▼

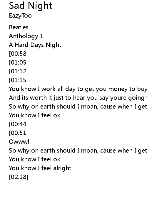 | [01:54][00:58][00:03] | Its been a hard days night, and I been working like a dog |
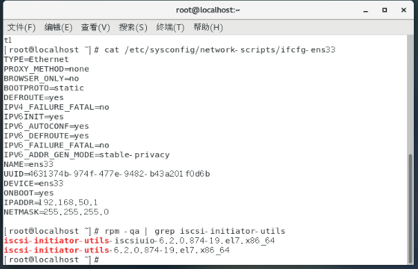 执行<font style="color:red;">rpm -qa | grep iscsi-initiator-utils</font>检测相关资源包是否存在
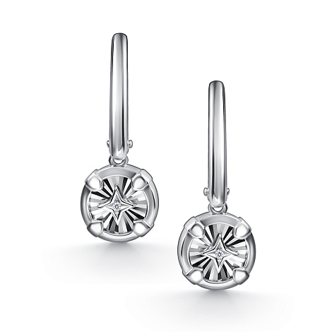 Элегантные серебряные серьги из качественного серебра 925 пробы украшены сверкающими бриллиантами
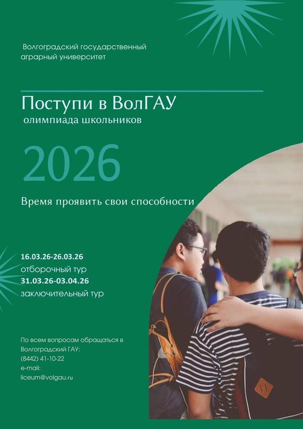 ветеринария; — ОБиЗР; — история и обществознание Для участия в мероприятии необходимо зарегистрироваться: К участию в заключительном этапе допускаются обучающиеся, прошедшие отборочный тур. Соорганизатором олимпиады выступает региональный Центр одаренных детей Волгоградской области. Внимание! Все победители и призеры олимпиады получат 10 дополнительных баллов при поступлении в Волгоградский государственный аграрный университет. Всю дополнительную информацию можно узнать по телефону или на сайте лицея -

▲

## Task to carry out
Transcribe the full listing above exactly, with the images removed.

## Exercise response
 | [01:54][00:58][00:03] | Its been a hard days night, and I been working like a dog |
 执行<font style="color:red;">rpm -qa | grep iscsi-initiator-utils</font>检测相关资源包是否存在
 Элегантные серебряные серьги из качественного серебра 925 пробы украшены сверкающими бриллиантами
 ветеринария; — ОБиЗР; — история и обществознание Для участия в мероприятии необходимо зарегистрироваться: К участию в заключительном этапе допускаются обучающиеся, прошедшие отборочный тур. Соорганизатором олимпиады выступает региональный Центр одаренных детей Волгоградской области. Внимание! Все победители и призеры олимпиады получат 10 дополнительных баллов при поступлении в Волгоградский государственный аграрный университет. Всю дополнительную информацию можно узнать по телефону или на сайте лицея -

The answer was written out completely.